BRIEF >>
Retype the data that follows exactly. No pictures belong in the copy.

RECORD SET >>
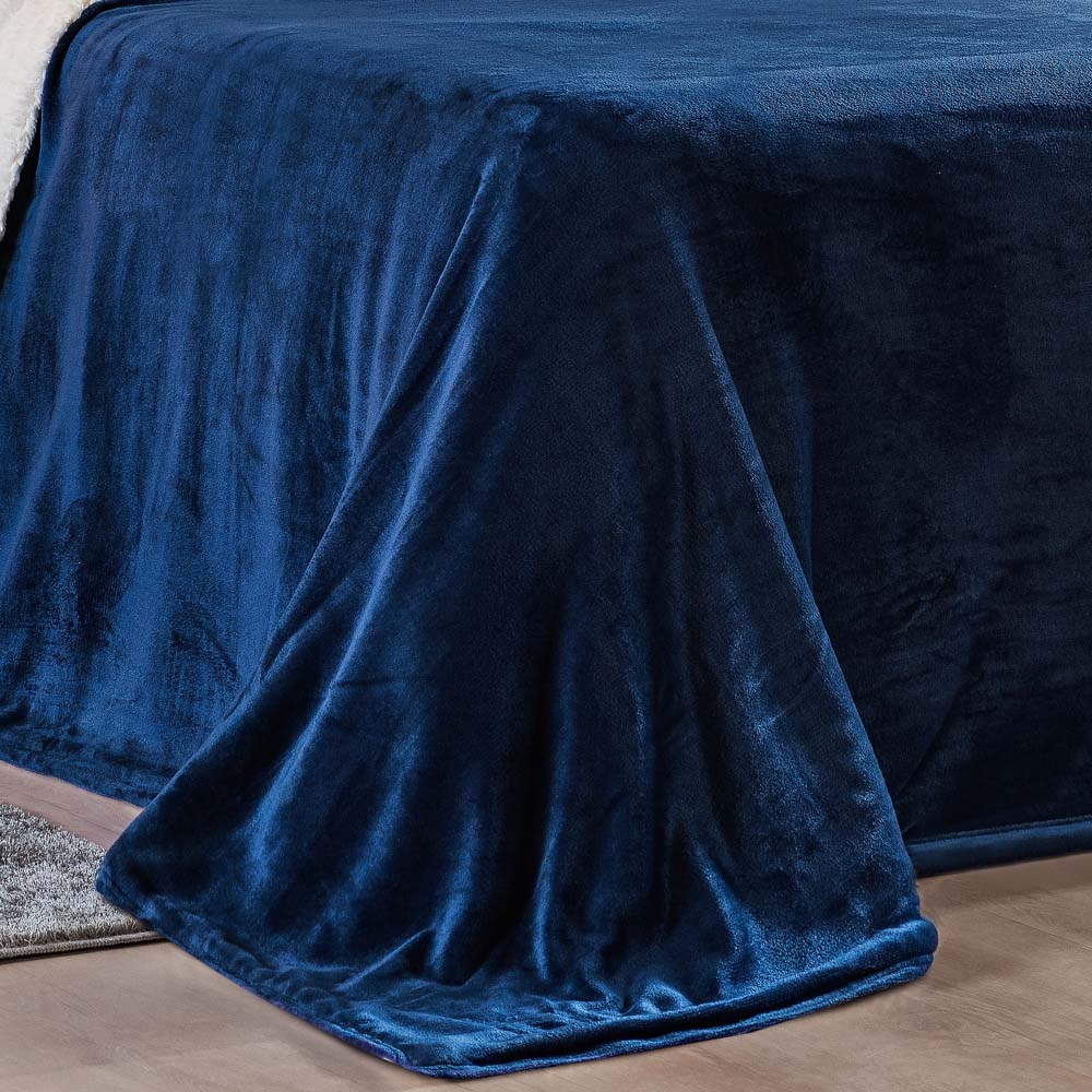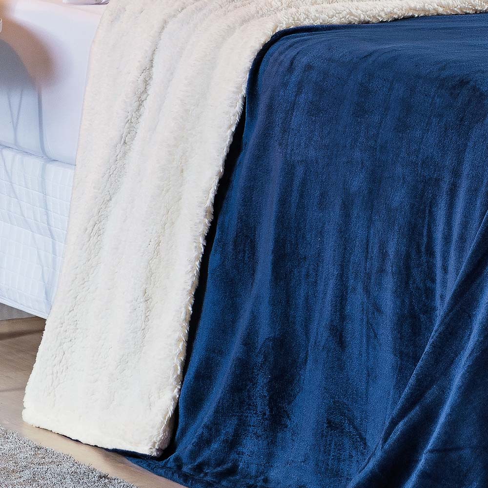 Cobertor Fênix King Sherpa Pele de Carneiro + Mantinha Flannel - Azul Marinho
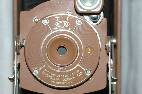 No.1ポケットコダックジュニアのシャッター速度は,約1/50秒。絞りの番号1〜4は,F11〜F32に相当する。
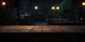 Twilight Ambiance: A Rustic Wooden Table Under a Canopy of Lights
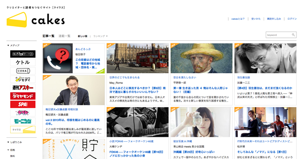 定額課金(週150円)で読み放題のメディアサイトです。cakesでは、豪華執筆陣による連載・寄稿のほか、さまざまなコンテンツホルダーの雑誌、書籍、コミック、ウェブサイトなど、多彩なコンテンツを配信するプラットフォームとして、つくり手と受け手双方にとってこれまでにない新しいメディアの形を提案しています。URL http://cakes.mu
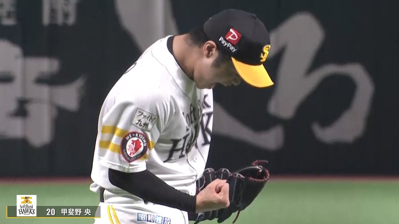 ルーキーが強心臓を発揮!! 福岡ソフトバンク・甲斐野央が1アウト3塁の場面から登板。東北楽天・ウィーラーとフェルナンドを気迫で打ち取った甲斐野はベンチでホッと安堵。
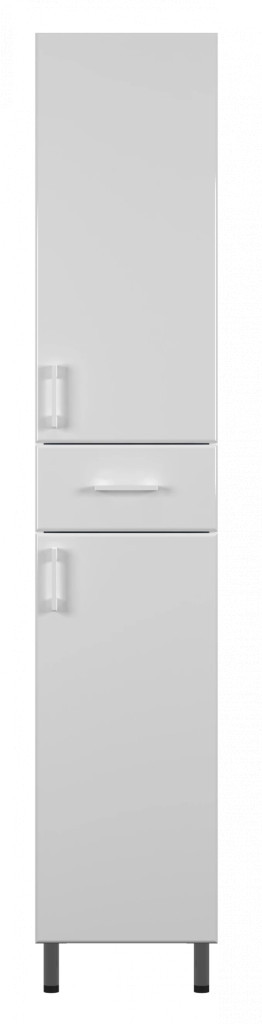 A SIRIS S magas fürdőszobai szekrény a modern tárolás és az elegáns megjelenés tökéletes ötvözete, amely ragyogó, magasfényű fehér felületével optikailag tágítja a teret. Ez a professzionális nedvességálló fürdőszoba bútor emelt sűrűségű MDF fronttal és minőségi korpusszal készül, így speciálisan a vizesblokkok párás környezetére lett tervezve, garantálva a hosszú élettartamot és a deformáció elleni védelmet. A 1840 mm-es magasság bőséges tárolókapacitást kínál, miközben a beépített soft-close (csillapított záródású) mechanika gondoskodik az ajtók és a fiók halk, kíméletes csukódásáról. A lábakon álló kivitel stabil tartást biztosít, a letisztult fém fogantyúk pedig stílusos keretet adnak a bútornak, amely bármely kortárs fürdőszoba központi dísze lehet.
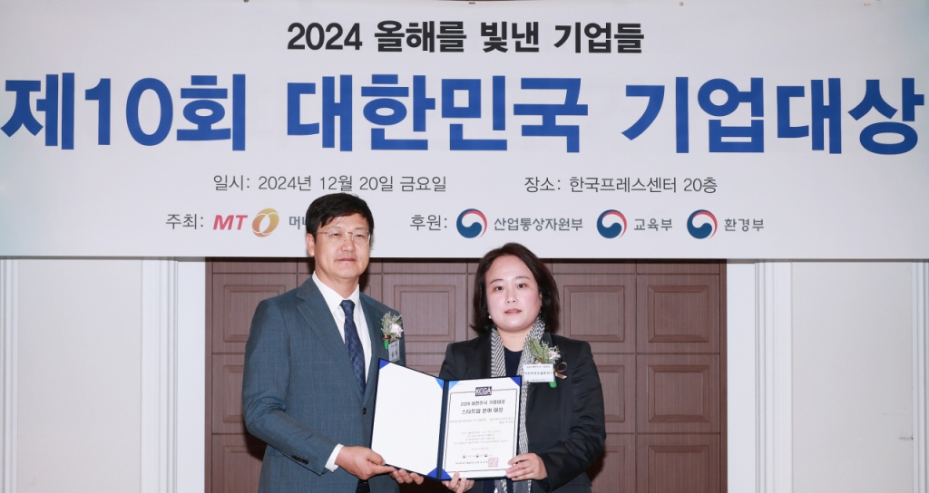 이나현 하온바이오솔루션스 대표(사진 오른쪽)가 20일 오후 서울 중구 한국프레스센터에서 열린 머니투데이 주최의 '2024 제10회 대한민국 기업대상' 시상식에서 '비임상 CRO 결과 관리 프로그램' 부문 '스타트업' 분야 대상을 수상하고 송기용 머니투데이 전무와 기념사진을 촬영하고 있다.

EXERCISE RESULT >>
 Cobertor Fênix King Sherpa Pele de Carneiro + Mantinha Flannel - Azul Marinho
 No.1ポケットコダックジュニアのシャッター速度は,約1/50秒。絞りの番号1〜4は,F11〜F32に相当する。
 Twilight Ambiance: A Rustic Wooden Table Under a Canopy of Lights
 定額課金(週150円)で読み放題のメディアサイトです。cakesでは、豪華執筆陣による連載・寄稿のほか、さまざまなコンテンツホルダーの雑誌、書籍、コミック、ウェブサイトなど、多彩なコンテンツを配信するプラットフォームとして、つくり手と受け手双方にとってこれまでにない新しいメディアの形を提案しています。URL http://cakes.mu
 ルーキーが強心臓を発揮!! 福岡ソフトバンク・甲斐野央が1アウト3塁の場面から登板。東北楽天・ウィーラーとフェルナンドを気迫で打ち取った甲斐野はベンチでホッと安堵。
 A SIRIS S magas fürdőszobai szekrény a modern tárolás és az elegáns megjelenés tökéletes ötvözete, amely ragyogó, magasfényű fehér felületével optikailag tágítja a teret. Ez a professzionális nedvességálló fürdőszoba bútor emelt sűrűségű MDF fronttal és minőségi korpusszal készül, így speciálisan a vizesblokkok párás környezetére lett tervezve, garantálva a hosszú élettartamot és a deformáció elleni védelmet. A 1840 mm-es magasság bőséges tárolókapacitást kínál, miközben a beépített soft-close (csillapított záródású) mechanika gondoskodik az ajtók és a fiók halk, kíméletes csukódásáról. A lábakon álló kivitel stabil tartást biztosít, a letisztult fém fogantyúk pedig stílusos keretet adnak a bútornak, amely bármely kortárs fürdőszoba központi dísze lehet.
 이나현 하온바이오솔루션스 대표(사진 오른쪽)가 20일 오후 서울 중구 한국프레스센터에서 열린 머니투데이 주최의 '2024 제10회 대한민국 기업대상' 시상식에서 '비임상 CRO 결과 관리 프로그램' 부문 '스타트업' 분야 대상을 수상하고 송기용 머니투데이 전무와 기념사진을 촬영하고 있다.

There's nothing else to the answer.